I've heard this before, but I love hearing it again.  My mother and her Iranian friend, a stunning-looking woman with ivory skin, black hair and bright blue eyes – Auntie J. to me – and their exploits in early 1960s Rome.  Via Veneto till four in the morning, a month's salary on a pair of soft leather Magli shoes, chasing after singer Domenico Modugno in J.'s Fiat 600 (until he stopped his car, came out and looked around to see the two girls waving at him), dancing in nightclubs on boats moored on the Tiber, coloured lightbulbs strung on the deck.  Like Audrey Hepburn in Roman Holiday. Before I came along and made it all abruptly impossible.

"You can dance the bossa nova, can't you?"

Yes.  She taught me on one of the other nights like this one.

"And the cha-cha-cha?"

I wish I could say yes.  But it's 1981.  My school friends and I go to discos with bright flashing lights, red laser beams.  We dance to Richard Sanderson singing Reality and want to look like Sophie Marceau.

"Come!" My mother goes into the living room and switches on the lights.  "Come and stand next to me."

My face has an uncontrollable grin of anticipation across it.  I'm going to bond with her.

"Now look at me.  One, two, one-two-three.  One, two, one-two-three.  Wait!" She kicks off her slippers and sends them flying across the room.  Her feet have exceptionally high arches.  Nothing between the ball and the heel touches the marble floor.  

I park my slippers next to the sofa and follow her example.

She takes me by the hand.  "One, two, one-two-three.  Now this isn't ballet school, so sway your hips a little.  Like this.  Good."

Good.  Well, I can't sway as gracefully as she.  Just like I'll never get into her 60-centimetre waist silk and satin evening dresses – the ones she wore before I came along – which she is saving for me for when I grow up.

Suddenly, an outraged, astounded face appears in the doorway.  Without her glasses, my grandmother's large, slightly protruding eyes look even larger.  This cameo is also part of the routine.  She looks at my mother.  "Are you crazy? It's one o'clock in the morning! The child has to go to school tomorrow!
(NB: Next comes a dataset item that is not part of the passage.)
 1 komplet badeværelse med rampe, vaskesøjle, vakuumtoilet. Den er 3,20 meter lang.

Katia, go to bed.  And look at you, barefoot on the stone floor.  You'll catch a cold!"

I reply, on cue, "Oh, no, not yet, please!"
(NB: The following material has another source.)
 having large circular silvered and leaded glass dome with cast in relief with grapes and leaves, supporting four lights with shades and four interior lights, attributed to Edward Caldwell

"Yes, yes, Mum, you're absolutely right," my mother says with a total lack of sincerity.  "We'll both go to bed soon.  I promise.  Why don't you come and dance with us?"

My grandmother stands in the doorway for a few seconds.  "Well, goodnight, you crazy night owls."  

She vanishes as quietly as she appeared.  Such a light step.  "She never even wears out her shoes," my mother often says.

Now that I've mastered the basic steps, we come to phase two of the lesson.  My mother goes to the bamboo bookcase that holds all our records.  She pulls out an Ella Fitzgerald LP, places it on the Philips turntable, lifts the arm, carefully lowers the sapphire stylus on the right track.

You-ouuuuuuuuuu – you!

You're driving me crazy

One, two, cha-cha-cha.  One, two, cha-cha-cha.

We dance together.  Ella Fitzgerald speeds up.  The words are sung faster and faster,   spiralling beyond the possibility of any dance steps, so it becomes a free for all on the marble floor.  

It's half past one.  We're both breathless, suppressing our laughter to avoid waking up my grandmother.  "Now go to bed, tesoro," my mother says, her face suddenly authoritative although the corners of her mouth are still dimpled and her eyes sparkling.

I go to bed.  My mother returns to the kitchen.  I wonder how long she'll stay up.  I wish I weren't so sleepy.  I wish I didn't have school tomorrow.  On my bed, the dog is snoring.  I slip under the blanket, taking care not to push him with my feet.

I fall asleep, smiling, my hand under my pillow, the previous couple of hours tight in my fist.  Like a treasure I never want to lose.